Sport
Here’s what Pep Guardiola can learn from Sir Alex Ferguson about how to rescue Man City, writes IAN HERBERT
On a bitterly cold night in the depths of Ukraine five years ago, after Manchester City's routine 3-0 Champions League victory over Shakhtar Donetsk, Pep Guardiola was asked by a local journalist whether he would be averse to properly treating himself. to the test by leading one of the beleaguered teams. the country's teams.
He gave a joking response about the local property market before declaring that managing such a place would be 'no problem'. No problem at all.'
The idea of Guardiola taking charge despite setbacks has, of course, always been a purely theoretical concept. Producers of a new, soft-focus Manchester City documentary about the club's fourth consecutive title last season – '4-in-a-row' – are careful with the truth in a section called 'The Slump', conveniently leaving out a 3-0. win at Old Trafford and 6-1 hammering of Bournemouth to maintain the dramatic tension. It's not easy to make compelling films about a football machine.
This time it's really a disappointment. One that leaves coaches up and down the country who have marveled at Guardiola's teams now looking at his position and wondering: 'Can Pep get out of a crisis?' We're about to find out if he can pass the biggest test of football management.

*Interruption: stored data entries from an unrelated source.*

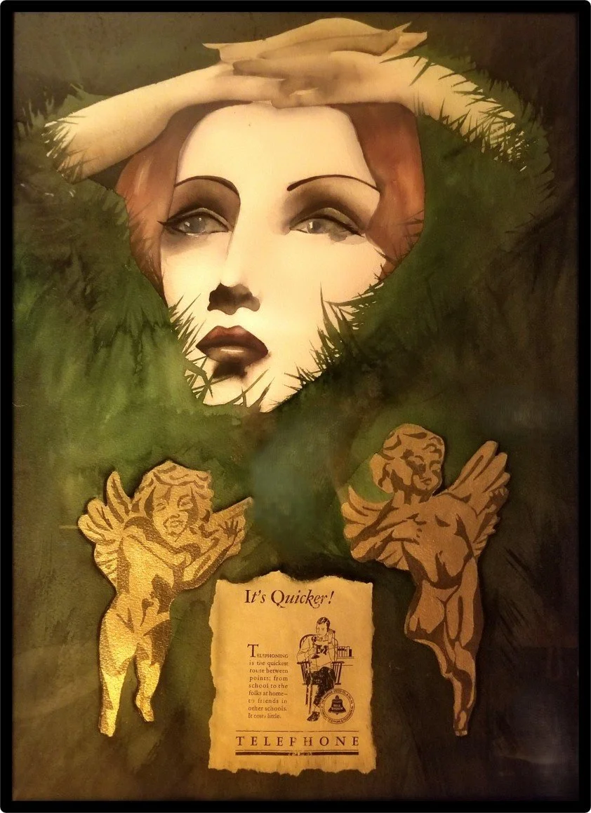 Image taken from Josef von Sternberg’s 1932 film ‘Shanghai Express’, starring Marlene Dietrich. Here she's joined by golden cherubs and a vintage advertisement promoting the convenience of using the telephone.
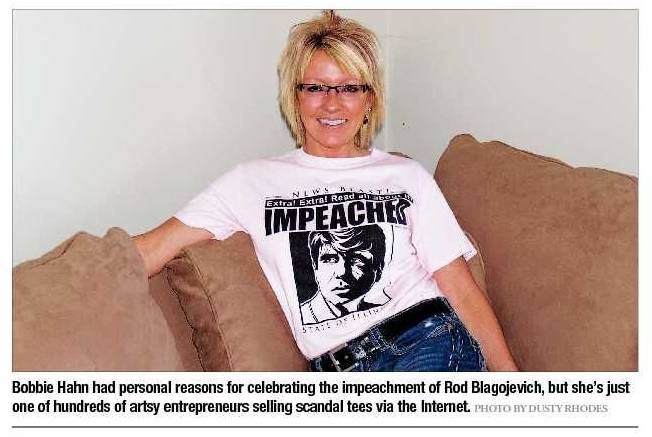 Bobbie Hahn had personal reasons for celebrating the impeachment of Rod Blagojevich, but she’s just one of hundreds of artsy entrepreneurs selling scandal tees via the Internet. PHOTO BY DUSTY RHODES
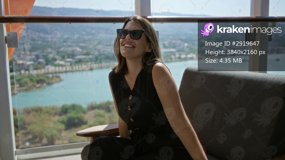 Woman reaching for straw bag on cruise ship terrace near railing and chair; vacation leisure serenity.
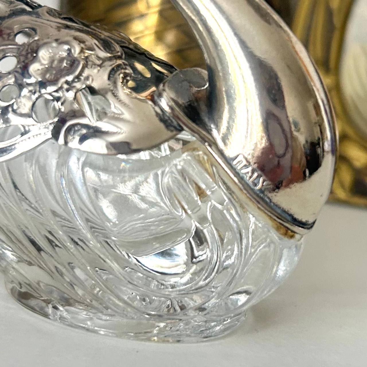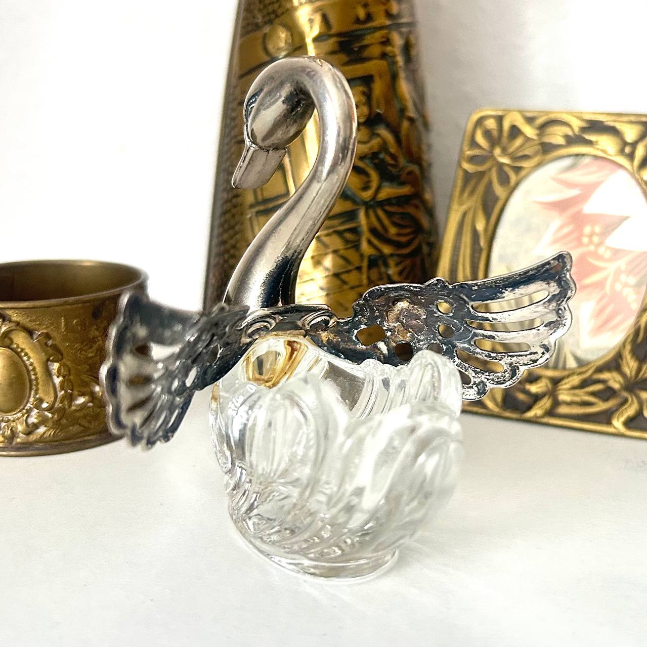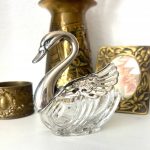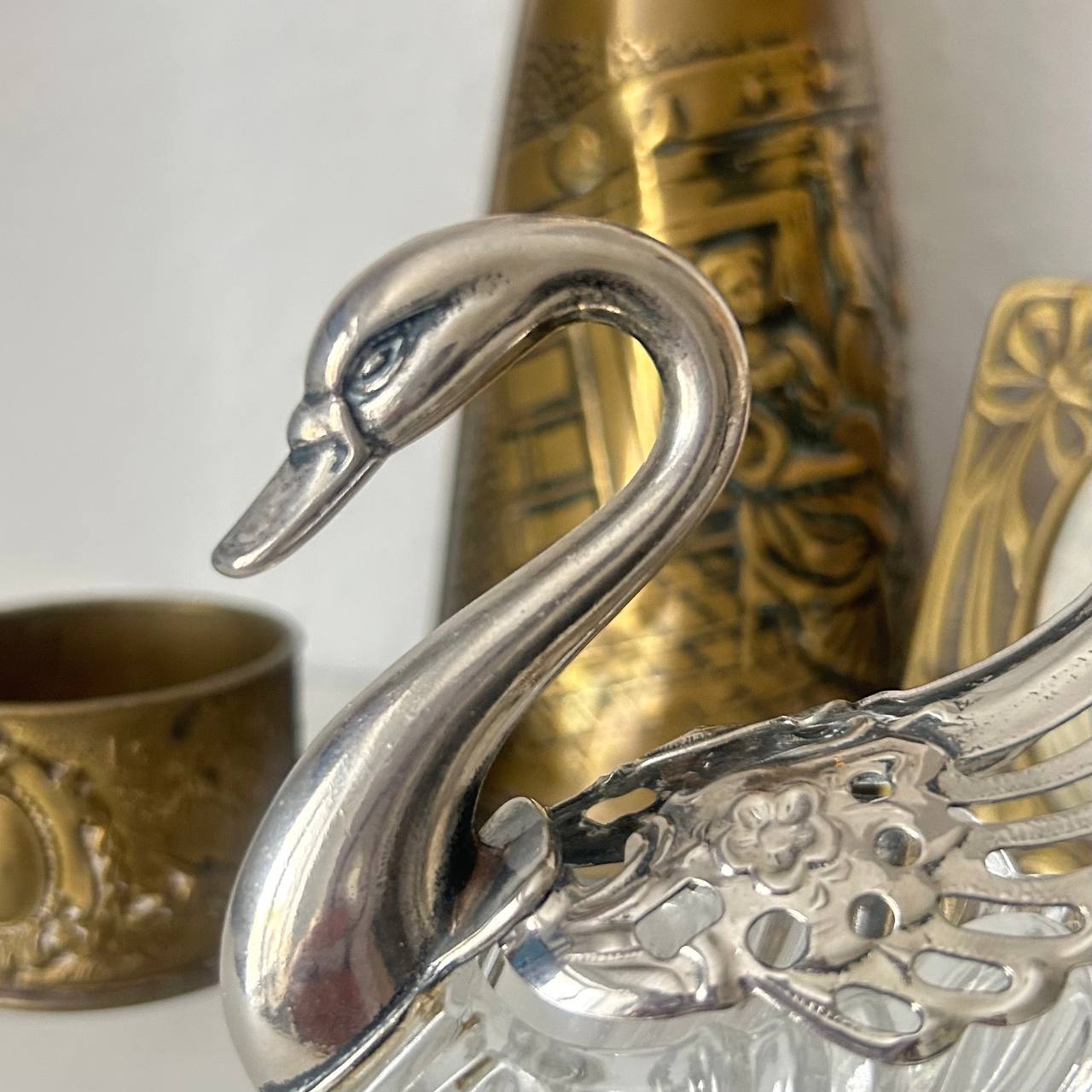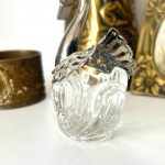 Хотите особенную солонку? Присмотритесь к этому изящному лебедю итальянского производства. Металл (похоже на посеребрение), толстостенное стекло.

The great managers have handled these types of situations by taking squads apart and starting over. Bill Shankly, appointed at Liverpool 65 years ago this week, sold the core of his 1960s team after a 1970 FA Cup defeat to Watford. Sir Alex Ferguson responded to Manchester United's dethronement as double winners in 1994-95 by selling Paul Ince, Mark Hughes and Andrei Kanchelskis and moving on from what became known as the Class of '92. The Manchester Evening News conducted a fan poll about Ferguson that summer. The majority wanted him fired.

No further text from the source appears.